• PROBLEM TO WORK ON
Begin with the first line below and retype each line exactly through the line containing "After a busy". Any pictures are to be left out.

• GIVEN ENTRIES
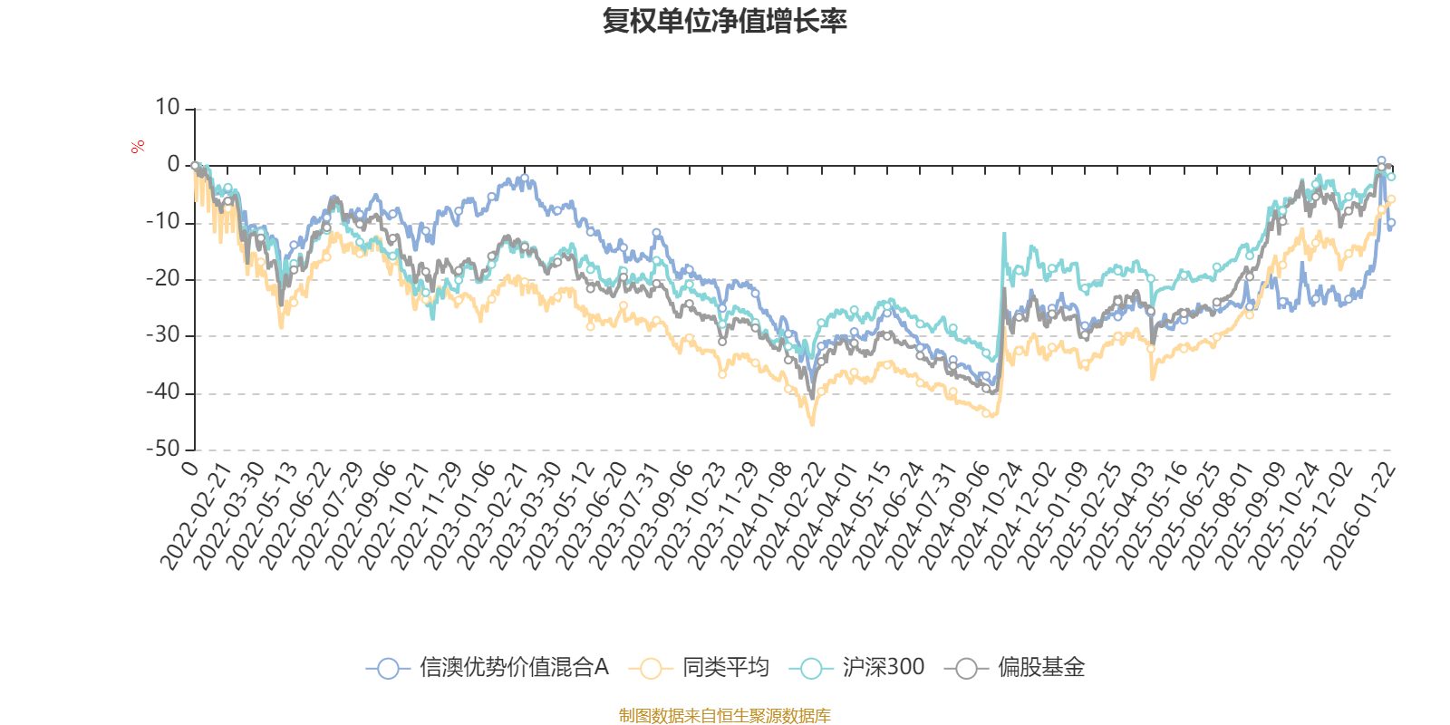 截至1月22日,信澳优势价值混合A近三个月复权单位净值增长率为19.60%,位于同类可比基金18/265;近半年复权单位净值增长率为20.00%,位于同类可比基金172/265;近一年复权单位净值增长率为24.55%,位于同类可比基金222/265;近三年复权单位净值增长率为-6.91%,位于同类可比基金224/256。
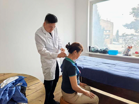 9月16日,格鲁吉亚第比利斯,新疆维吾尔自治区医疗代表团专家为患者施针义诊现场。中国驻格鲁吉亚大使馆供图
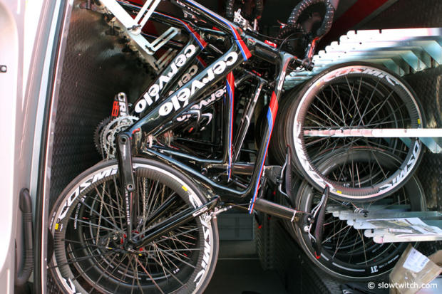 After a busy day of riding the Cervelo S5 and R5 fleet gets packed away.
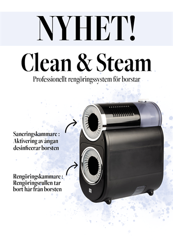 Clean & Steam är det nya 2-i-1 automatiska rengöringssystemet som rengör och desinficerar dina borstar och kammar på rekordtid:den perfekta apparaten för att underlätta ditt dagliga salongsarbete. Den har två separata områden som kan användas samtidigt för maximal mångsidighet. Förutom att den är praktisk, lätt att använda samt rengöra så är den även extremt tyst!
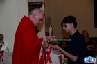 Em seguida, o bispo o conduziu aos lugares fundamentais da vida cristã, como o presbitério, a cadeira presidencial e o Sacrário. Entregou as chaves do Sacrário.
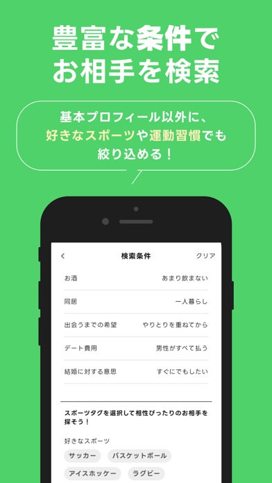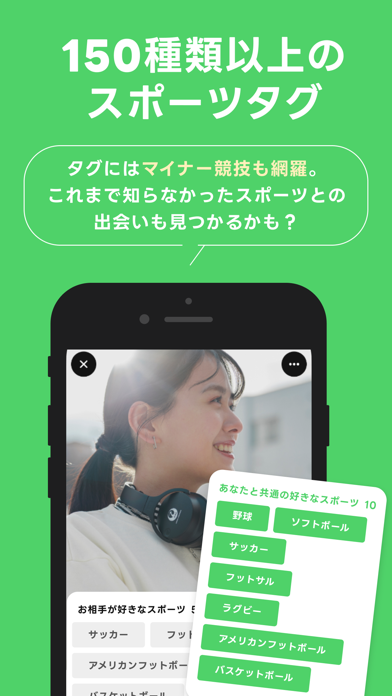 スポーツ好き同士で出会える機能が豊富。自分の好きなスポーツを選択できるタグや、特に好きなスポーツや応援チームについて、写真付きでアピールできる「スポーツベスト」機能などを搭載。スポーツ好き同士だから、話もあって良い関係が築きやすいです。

• TASK OUTPUT
 截至1月22日,信澳优势价值混合A近三个月复权单位净值增长率为19.60%,位于同类可比基金18/265;近半年复权单位净值增长率为20.00%,位于同类可比基金172/265;近一年复权单位净值增长率为24.55%,位于同类可比基金222/265;近三年复权单位净值增长率为-6.91%,位于同类可比基金224/256。
 9月16日,格鲁吉亚第比利斯,新疆维吾尔自治区医疗代表团专家为患者施针义诊现场。中国驻格鲁吉亚大使馆供图
 After a busy day of riding the Cervelo S5 and R5 fleet gets packed away.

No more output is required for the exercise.